*Data to use*
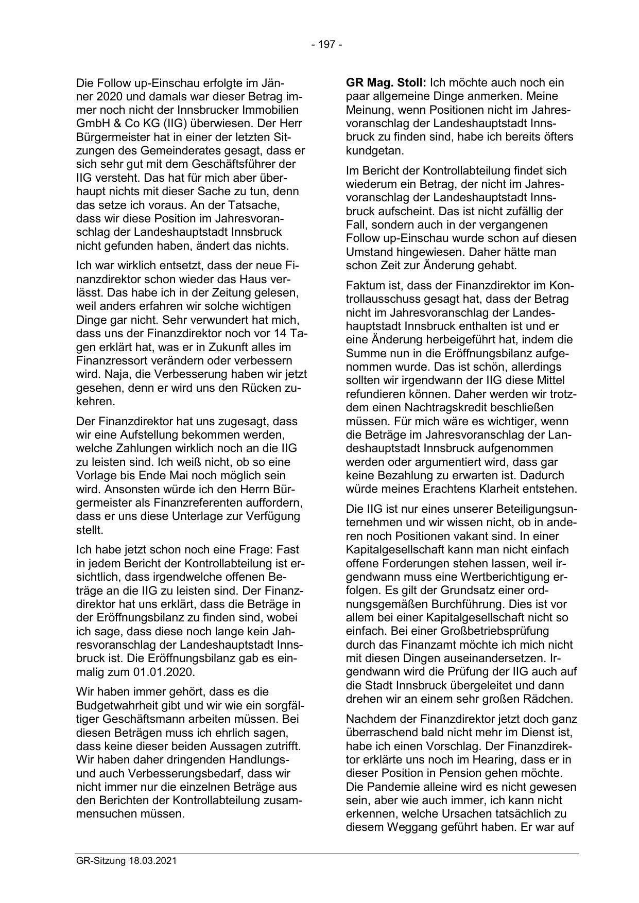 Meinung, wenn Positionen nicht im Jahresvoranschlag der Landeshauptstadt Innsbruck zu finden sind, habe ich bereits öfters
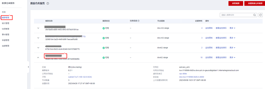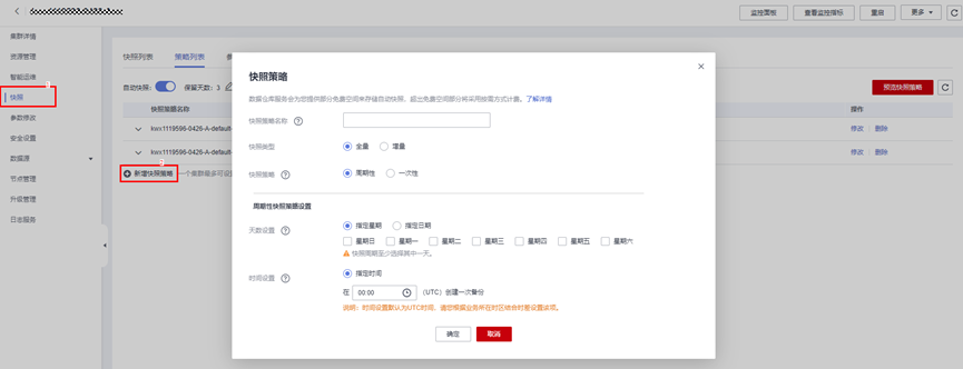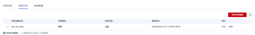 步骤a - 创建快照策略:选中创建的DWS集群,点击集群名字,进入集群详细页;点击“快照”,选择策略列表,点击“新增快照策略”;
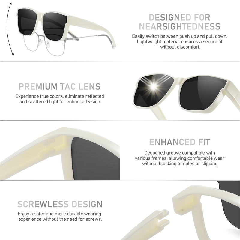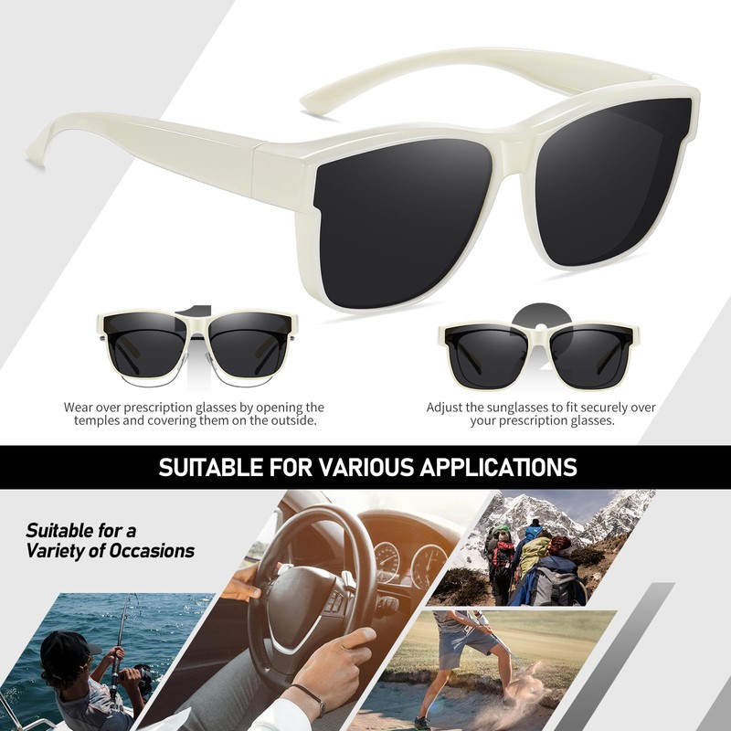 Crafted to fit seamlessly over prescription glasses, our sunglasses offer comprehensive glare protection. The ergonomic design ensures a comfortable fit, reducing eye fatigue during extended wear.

---

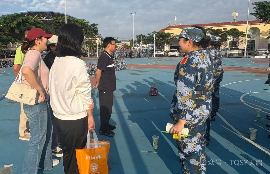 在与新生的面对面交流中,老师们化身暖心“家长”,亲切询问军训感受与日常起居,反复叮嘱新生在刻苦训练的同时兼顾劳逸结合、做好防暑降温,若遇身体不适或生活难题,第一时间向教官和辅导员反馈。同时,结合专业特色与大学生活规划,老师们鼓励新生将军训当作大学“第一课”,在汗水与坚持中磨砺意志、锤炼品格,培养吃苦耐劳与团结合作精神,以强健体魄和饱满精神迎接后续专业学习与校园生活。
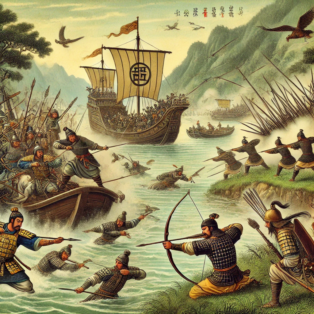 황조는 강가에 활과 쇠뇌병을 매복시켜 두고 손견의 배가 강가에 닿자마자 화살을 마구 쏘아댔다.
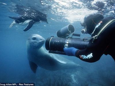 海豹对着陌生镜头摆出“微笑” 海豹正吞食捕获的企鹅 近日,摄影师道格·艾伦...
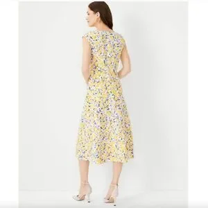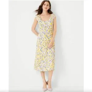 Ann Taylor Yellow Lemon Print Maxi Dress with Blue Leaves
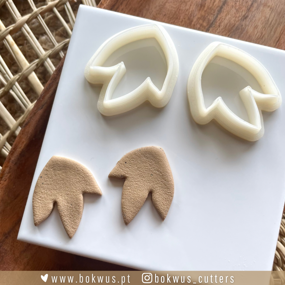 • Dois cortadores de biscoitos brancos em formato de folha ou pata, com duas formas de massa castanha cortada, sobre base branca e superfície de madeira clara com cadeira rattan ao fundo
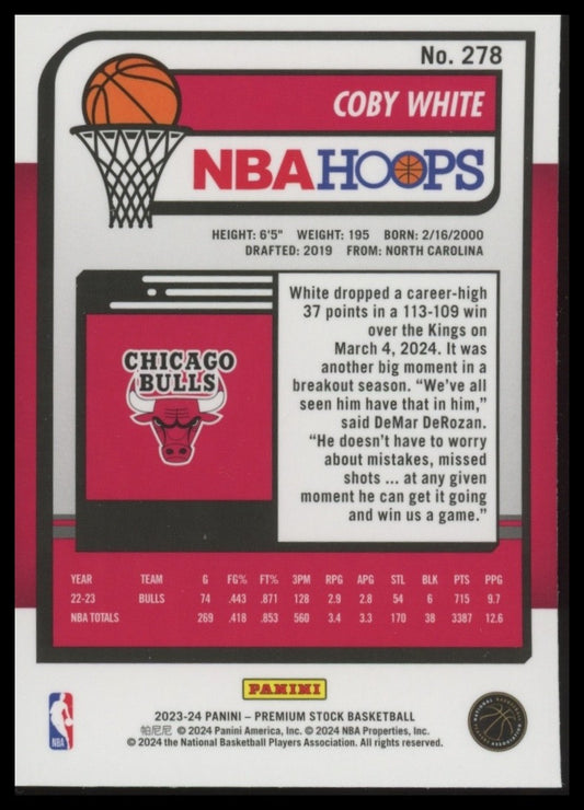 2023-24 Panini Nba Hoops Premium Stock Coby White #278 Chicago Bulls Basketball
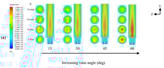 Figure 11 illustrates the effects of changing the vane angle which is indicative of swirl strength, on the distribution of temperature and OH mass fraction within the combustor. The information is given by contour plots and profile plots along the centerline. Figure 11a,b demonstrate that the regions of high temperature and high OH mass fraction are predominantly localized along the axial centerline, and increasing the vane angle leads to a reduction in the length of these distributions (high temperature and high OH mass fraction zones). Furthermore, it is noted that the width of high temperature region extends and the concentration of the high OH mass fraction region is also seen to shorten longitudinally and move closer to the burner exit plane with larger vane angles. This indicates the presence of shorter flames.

*Work to be completed*
From the records above, copy exactly the lines starting at the one with "Ann Taylor Yellow" and ending at the one with "rattan ao fundo", and no others. Pictures stay out.

*Answer space*
 Ann Taylor Yellow Lemon Print Maxi Dress with Blue Leaves
 • Dois cortadores de biscoitos brancos em formato de folha ou pata, com duas formas de massa castanha cortada, sobre base branca e superfície de madeira clara com cadeira rattan ao fundo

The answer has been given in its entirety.